* Task goal
Output the lines of the records exactly, from the first through the one containing "お肉はジューシー、サラダもいっぱい。お腹もおいしさも満たされます". Omit all pictures.

* Material provided
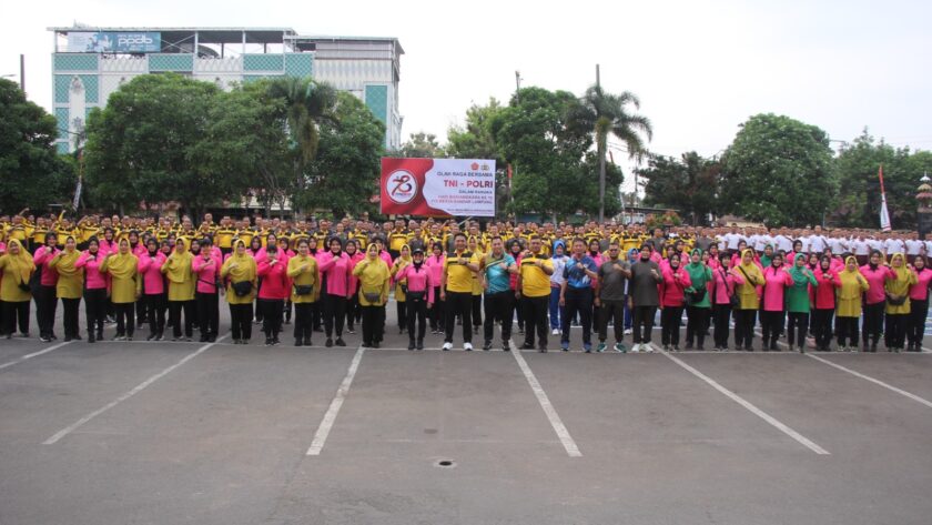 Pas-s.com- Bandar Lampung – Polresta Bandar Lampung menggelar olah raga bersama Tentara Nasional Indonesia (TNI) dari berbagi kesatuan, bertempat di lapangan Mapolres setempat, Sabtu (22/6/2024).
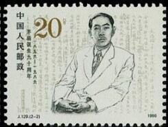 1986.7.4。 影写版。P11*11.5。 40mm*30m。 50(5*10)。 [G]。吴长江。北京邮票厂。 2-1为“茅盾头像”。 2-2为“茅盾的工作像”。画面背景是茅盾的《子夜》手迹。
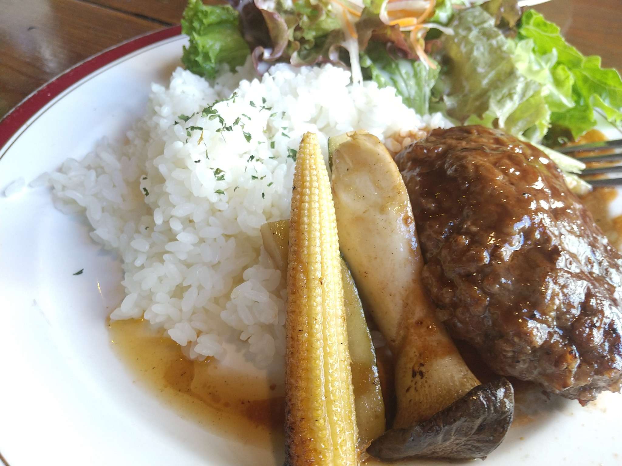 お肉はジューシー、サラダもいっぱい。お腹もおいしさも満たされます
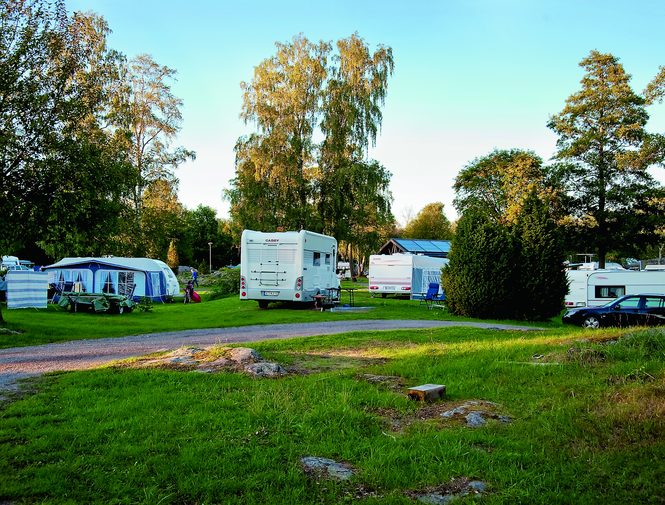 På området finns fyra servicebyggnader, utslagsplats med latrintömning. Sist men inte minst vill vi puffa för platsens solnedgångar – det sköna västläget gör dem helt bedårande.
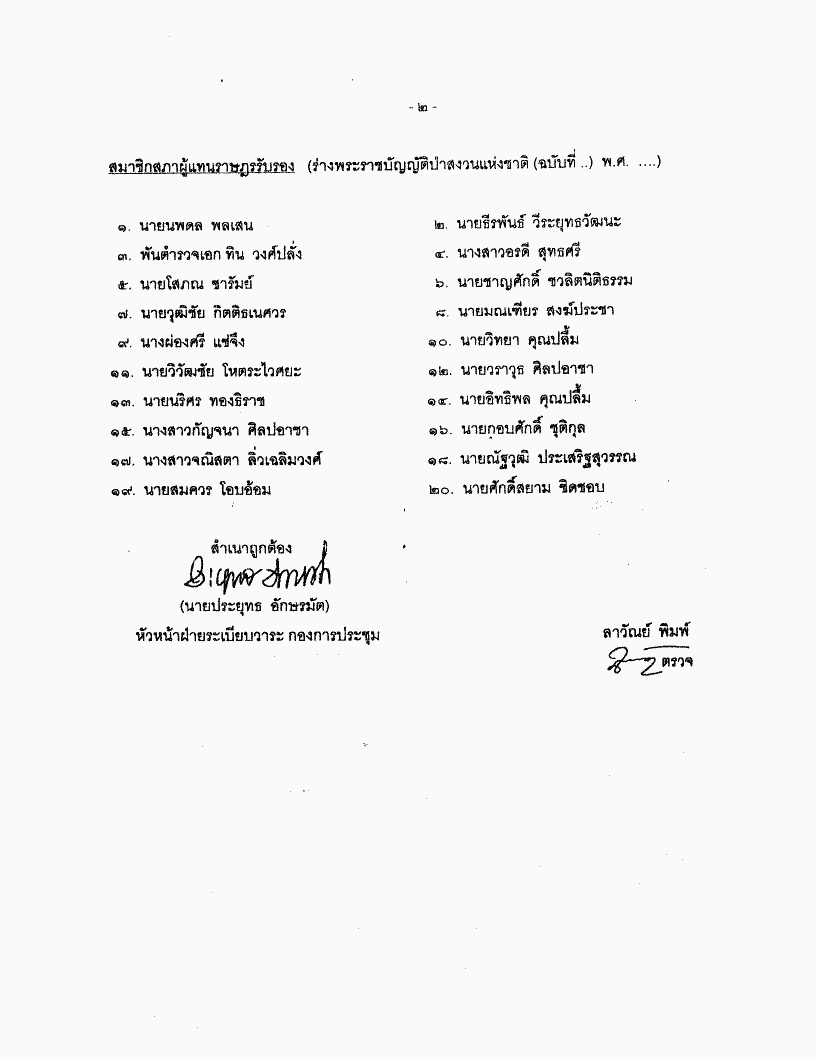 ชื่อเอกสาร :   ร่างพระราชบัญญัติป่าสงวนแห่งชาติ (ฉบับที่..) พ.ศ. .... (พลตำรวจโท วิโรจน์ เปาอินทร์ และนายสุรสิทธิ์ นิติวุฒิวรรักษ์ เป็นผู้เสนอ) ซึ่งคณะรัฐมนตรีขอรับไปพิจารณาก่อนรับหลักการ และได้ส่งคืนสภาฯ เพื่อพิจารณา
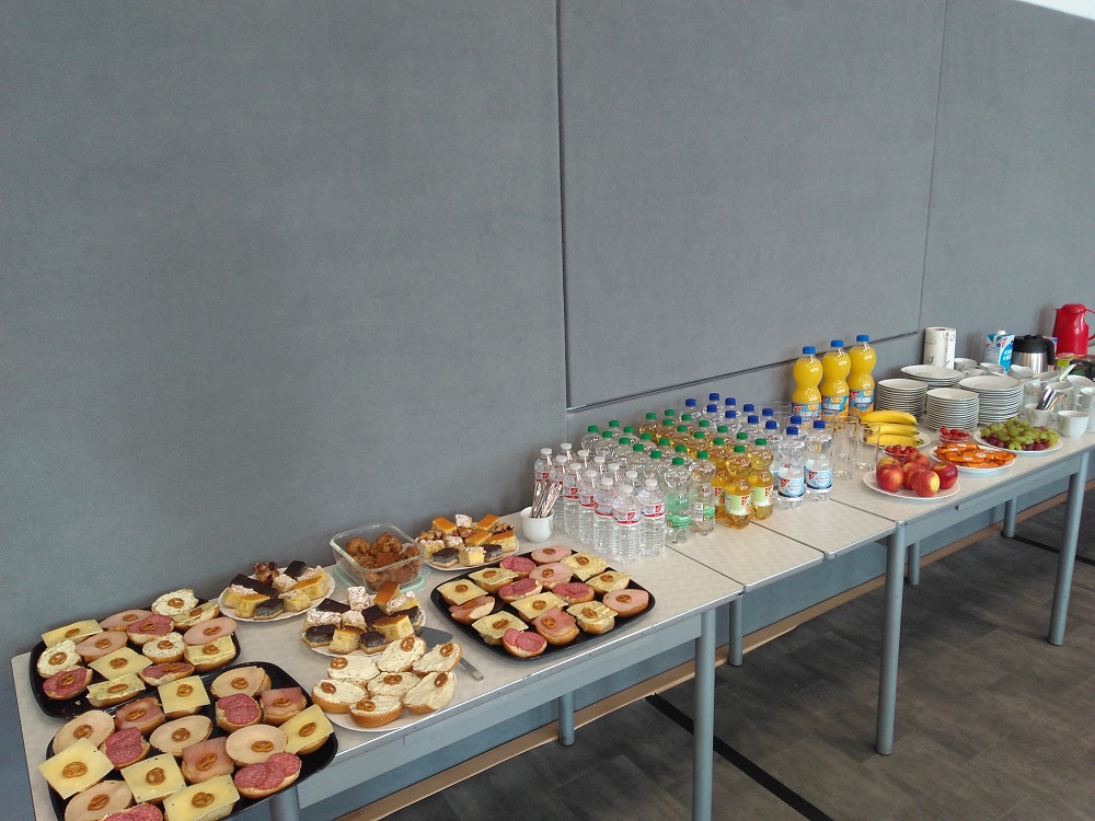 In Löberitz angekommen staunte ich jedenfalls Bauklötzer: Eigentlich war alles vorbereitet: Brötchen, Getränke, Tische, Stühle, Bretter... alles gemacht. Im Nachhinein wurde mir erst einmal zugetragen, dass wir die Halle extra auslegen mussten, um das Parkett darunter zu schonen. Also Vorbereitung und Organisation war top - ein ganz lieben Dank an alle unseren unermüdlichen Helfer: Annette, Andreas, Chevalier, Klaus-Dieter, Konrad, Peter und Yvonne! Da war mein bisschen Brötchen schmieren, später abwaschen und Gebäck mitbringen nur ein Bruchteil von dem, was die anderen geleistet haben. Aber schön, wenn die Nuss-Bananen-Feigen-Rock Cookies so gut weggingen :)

* Solution to this problem
 Pas-s.com- Bandar Lampung – Polresta Bandar Lampung menggelar olah raga bersama Tentara Nasional Indonesia (TNI) dari berbagi kesatuan, bertempat di lapangan Mapolres setempat, Sabtu (22/6/2024).
 1986.7.4。 影写版。P11*11.5。 40mm*30m。 50(5*10)。 [G]。吴长江。北京邮票厂。 2-1为“茅盾头像”。 2-2为“茅盾的工作像”。画面背景是茅盾的《子夜》手迹。
 お肉はジューシー、サラダもいっぱい。お腹もおいしさも満たされます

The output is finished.